Record extracts Start Marker

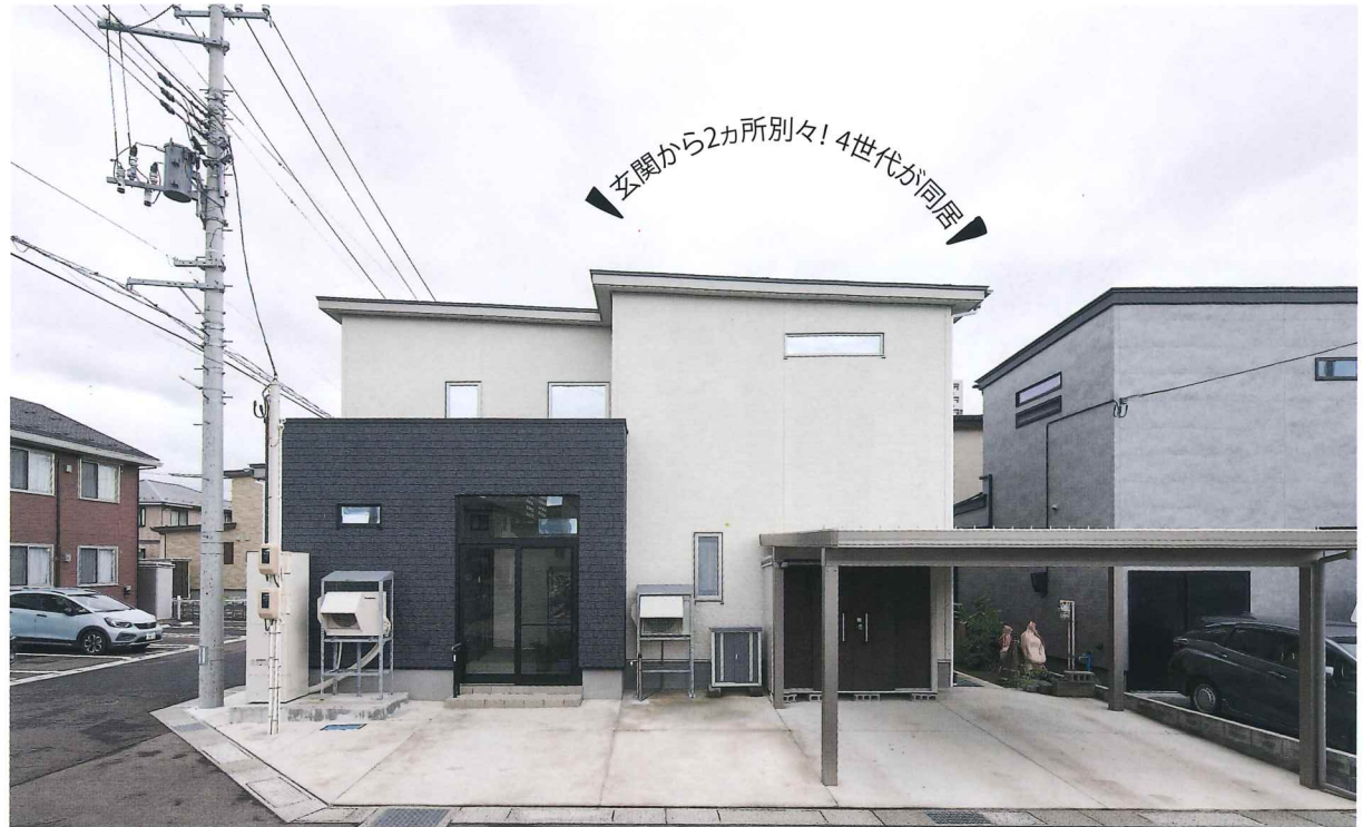
スッキリしたデザインの外観。車4台置ける駐車場
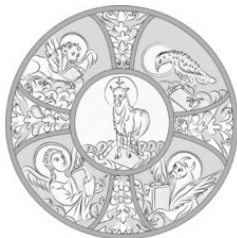
Рис. 5 Иллюстрация из «Евангелия» от Матфея

1.7.5. Сердцевина личности («Жемчужина») – « Агнец » на рис. 5, « коробочка » Лотоса в Египте, след результата жизни индивида, «божественная» природа, связанная с 4 чакрой.
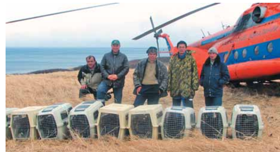
Единственный весенний выпуск, Экарма, май 2006 года
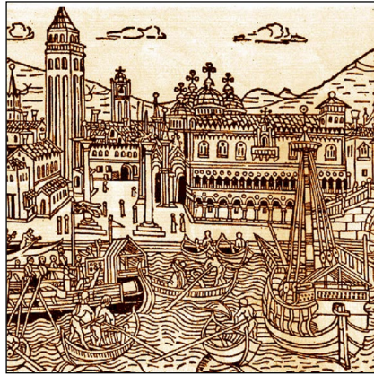
Venezia, stampa di u 1400.

In questu u cuntestu s'eranu perpetuati i cummerci trà Corsica è Maremma, sempre cusì cuntinui, intensi è di forte attività, prima sott'à a custodia di u pudere pisanu, poi ghjenuvese. Piccule nave è grande sperenze sulchighjavanu u Tirrenu purtendu u vinu di Corsica, ma dinò i so tanti è tanti emigranti chì da pìccoli cummercianti, da artigiani di u coghju è di a lana, da carbonaghji o piscadori è mercanti a si pruvavanu à buscà si una vita più asgiata pè issu cuntinente (5) duve u spupulamentu dopu à e frebbe endèmiche avia apertu belli spazii da arrughjunà si.
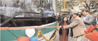
■ सीएस राधा रतूड़ी ने दिखाई हरी झंडी

देहरादून, 19 फरवरी (एजेंसियां)। उत्तराखंड की मुख्य सचिव राधा रतूड़ी ने सचिवालय कार्मिकों के लिए सचिवालय कॉलोनी केदारपुरम से सचिवालय तक इलेक्ट्रिक बस सेवा का उद्घाटन किया। यह बस सेवा शुरू होने के बाद अब सचिवालय कर्मी आसानी से आ जा सकेंगे। उन्हें आवाजाही में कोई परेशानी नहीं होगी। दरअसल, उत्तराखंड सचिवालय कार्मिकों के लिए इलेक्ट्रिक बस सेवा शुरू कर दी गई है। जिसका शुभारंभ मुख्य सचिव राधा रतूड़ी ने हरी झंडी दिखाकर किया। यह बस सेवा सचिवालय कॉलोनी केदारपुरम से सचिवालय तक चलेगी। जिसके जरिए सचिवालय कार्मिक आराम से आ जा सकेंगे। यह बस सेवा रोजाना सुबह कार्यालय समय में सचिवालय कॉलोनी केदारपुरम से सुभाष रोड सचिवालय तक चलेगी। जबकि, शाम को सचिवालय से सचिवालय कॉलोनी केदारपुरम तक सचिवालय कार्मिकों को पहुंचाने का काम करेगी। यह ग्रीन एनर्जी और पर्यावरण को ध्यान में रखकर शुरू की गई खास पहल है। बता दें कि देहरादून में स्मार्ट सिटी परियोजना के तहत इलेक्ट्रिक बसें
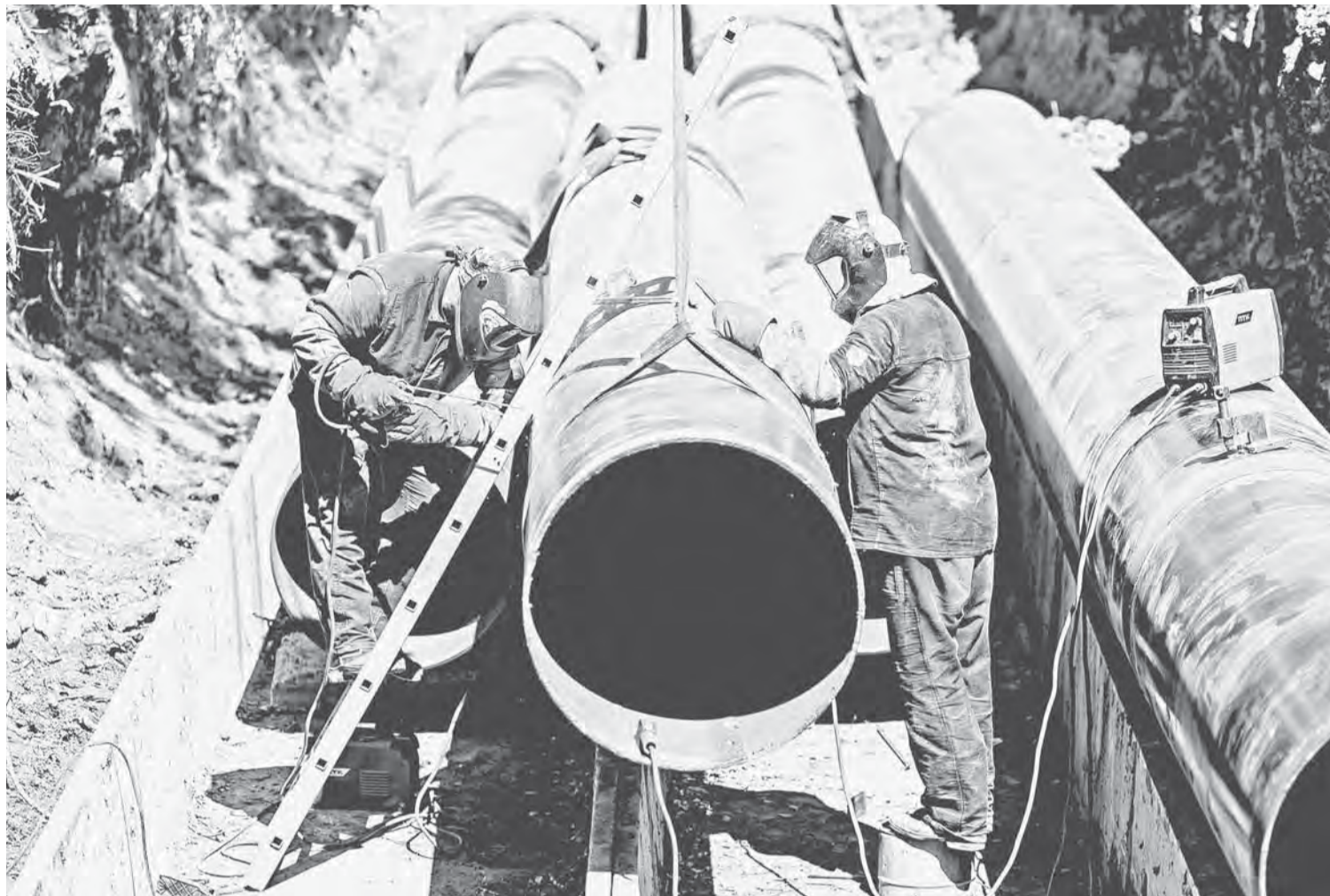
Особое внимание генерирующая компания уделяет плановому ремонту и замене магистральных теплосетей.
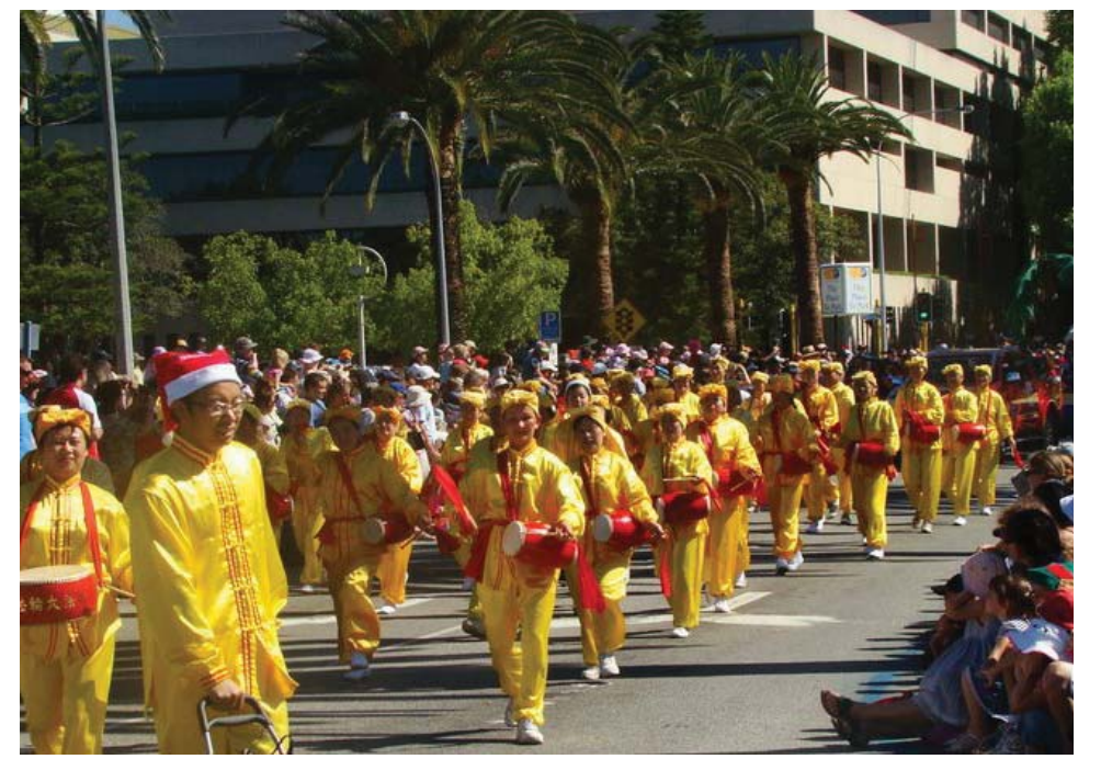
澳洲柏斯市年度圣诞节大游行

法轮功学员受到酷刑虐待甚至被活摘器官的情况进行调查，并要求对参与迫害的责任人绳之以法。委员会还建议：中共应该立即采取措施禁止全国范围内的酷刑和虐待；中共应该立即废除所有形式的行政拘留，其中包括劳教；中共应当确保没有人被关在任何秘密的拘留中心；中共应该废除所有的禁止律师独立性的法令，并调查所有对律师和原告的攻击；中共应该立即采取措施调查所有恐吓律师进行独立操作的行为。
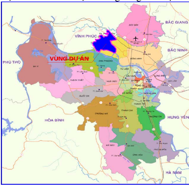
Hình 1. Bản đồ thành phố Hà Nội và vị trí vùng nghiên cứu

do đó kết quả nghiên cứu cho vùng này hoàn toàn có thể áp dụng cho toàn vùng thủ đô Hà Nội và các tỉnh lân cận ở đồng bằng Bắc Bộ.
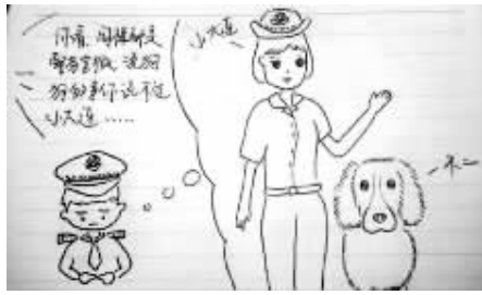
3.领导训小白：你说狗狗的事说不过小大连。
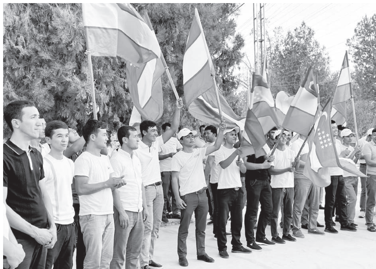
«Окончание. Начало на 1-й стр.»

В качестве приоритетной задачи задействуем также новые возможности для того, чтобы поднять на более высокий уровень молодежную политику, развитие спорта, образования и воспитания, науки, культуры и искусства».
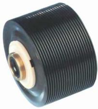
Conjunto de disco Ø 150mm, M49, 1mm Cód. 070076001
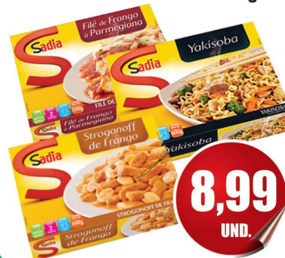
Prato Pronto Sadia 600g
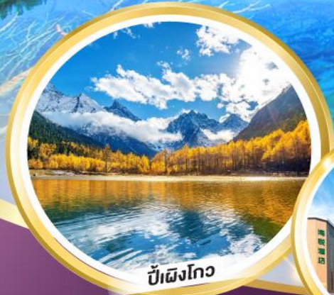
ปีเหมิงโกว
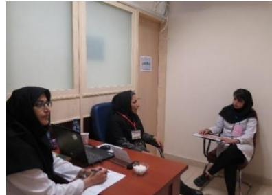
تصویری از ایستگاه های فعال
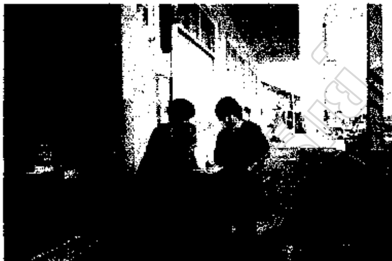
ภาพประกอบ 10 แสดงผู้วิจัยกำลังเก็บข้อมูลจากประชาชนในชุมชนตลาด บ.ช.ส.
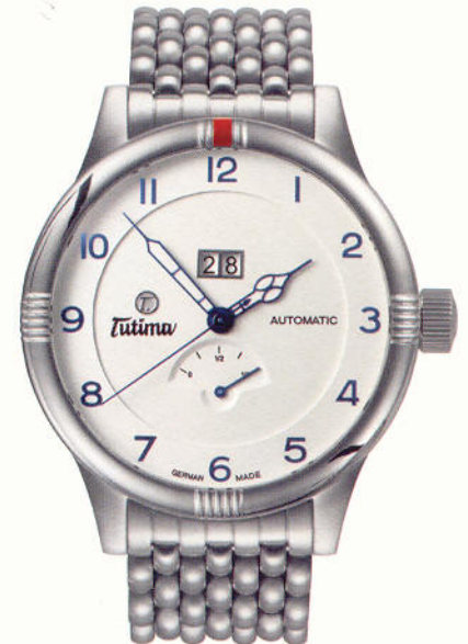
Tutima: Grand Classic; Automatik, Edelstahlgehäuse, -band, druckfest bis 10 bar (1.990 Euro)
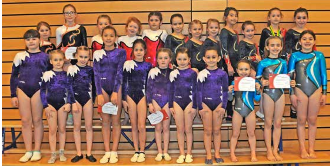
Les gymnastes des quatre sociétés broyarde engagées dans le concours C1 disputé à Saint-Aubin.

Des mouvements exécutés avec sérieux et concentration, mais conclus par des sourires jusqu'aux oreilles. Les gymnastes en lice samedi dernier à Saint-Aubin pour le championnat nord aux agrès, plus de 200, y ont mis tout leur cœur. Pour les unes, il s'agissait même du premier concours, de quoi mettre enfin en pratique les éléments appris durant les entraînements. Pour d'autres, un peu plus aguerries, l'enjeu était de remporter une distinction ou de composer leur ticket pour la finale cantonale fribourgeoise qui aura lieu le 19 mai à Bulle.
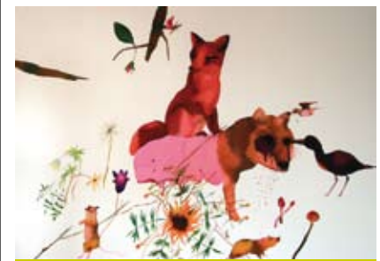
Jedna z prac artystki Basi Bańdy.

Galeria Szara, ul. Srebrna 1, zaprasza do obejrzenia wystawy prac Basi Bańdy pt. „Wiosna”. Wystawa będzie czynna do 21 kwietnia.
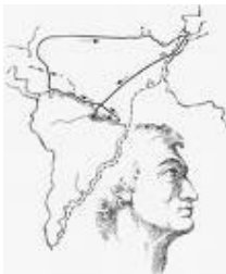
Bild över Vespuccis resor.
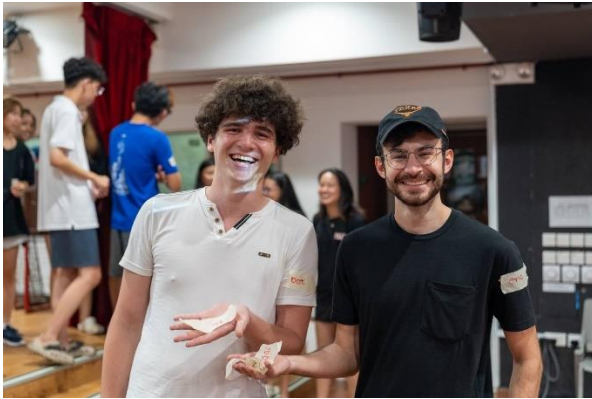
4 A szobatársammal a kollégiumban szervezett ismerkedős estén
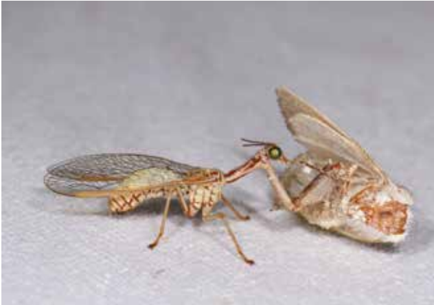
Mantispe ( Mantispa aphavexelte , Neur. Mantispidé) dévorant une noctuelle à Saint-Guilhem-le-Désert (Hérault), septembre 2018.
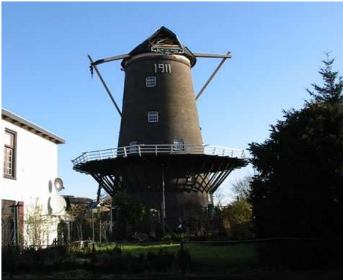
Tijdens een plotselinge hoosbui, die gepaard ging met krachtige valwinden is op zaterdag 9 maart het wiekenkruis van De Nieuwe Molen te Veenendaal gevallen

Deze vrijwilligers zijn in oktober 2000 met de cursus begonnen. De cursus omvat 20 theorieavonden, 1x per maand een avond, waarbij de gehele molen van onder tot boven en van binnen en buiten wordt besproken. Het gaat in dit geval niet alleen om de korenmolen, maar ook andere molens worden op de diverse avonden doorgenomen zoals poldermolens ( binnen – en buitenkruiers ), diverse industriemolens, de paltrok en de houtzaagmolen, standermolen, wipmolen en watermolens. Door middel van dia's en tekeningen kan men zien hoe de molen in elkaar steekt en krijgt men uitleg over het staande en gaande werk. Ook het

Record extracts End Marker

Your task: The lines from the start of the data through the line that contains "Venezia, stampa di u 1400." are to be returned exactly, please, with both ends included and every picture left out.

Task answer:
スッキリしたデザインの外観。車4台置ける駐車場
Рис. 5 Иллюстрация из «Евангелия» от Матфея

1.7.5. Сердцевина личности («Жемчужина») – « Агнец » на рис. 5, « коробочка » Лотоса в Египте, след результата жизни индивида, «божественная» природа, связанная с 4 чакрой.
Единственный весенний выпуск, Экарма, май 2006 года
Venezia, stampa di u 1400.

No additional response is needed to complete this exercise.